On December 15, 2017, Hunter signed a two-year contract with the Philadelphia Phillies. He changed his number from 40 to 96 after Wilson Ramos was acquired from the Rays. In 2018 with the Phillies, he was 5–4 with four saves, 25 holds (tied for fifth in the NL), and a 3.80 ERA, as he struck out 51 batters in 64 innings over 65 games.

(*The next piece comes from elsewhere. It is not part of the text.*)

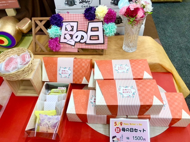 母の日のカーネーションもなか、とても良く売れてます。 今時点で残り30セット前後です。こちらは数量限定につき、もうすぐ完売すると思いますので、 ご予約はお早めに。※売り切れの節はご容赦ください。 またお菓子の詰め合わせもよく出ております。 かわいい箱の中に「みかさの母の日バージョン」2個・「ひらかたリーフパイ」2枚・焼き芋最中1個・パフケーキ「山田池の月」「淀川の四季」が各1個がアソートに。1箱 1,500円税込です。

Hunter began the 2019 season on the disabled list with a right forearm injury. He was placed on the disabled list on July 14 with a right forearm injury that cost him the first three months of the season. On July 23, Hunter underwent season-ending surgery to repair the flexor tendon in his right arm. In 2019, he was 0–0 with a 0.00 ERA in 5.1 innings over five games. On February 12, 2020, Hunter re-signed with the Phillies on a one-year deal.

===New York Mets===
On February 14, 2021, Hunter signed a minor league contract with the New York Mets with an invitation to spring training. On March 25, Hunter exercised the opt-out clause in his contract and was released by the Mets. On March 30, Hunter re-signed with the Mets on a new minor league contract. On May 6, Hunter was selected to the active roster. On May 18, 2021, Hunter recorded his first Major League hit, a single off of Tucker Davidson of the Atlanta Braves at Truist Park. After the game he described it as fulfilling and said it made him feel like "a real baseball player." On June 10, Hunter was placed on the 60-day injured list with lower back pain. In 4 games with the Mets, Hunter pitched eight scoreless innings with six strikeouts.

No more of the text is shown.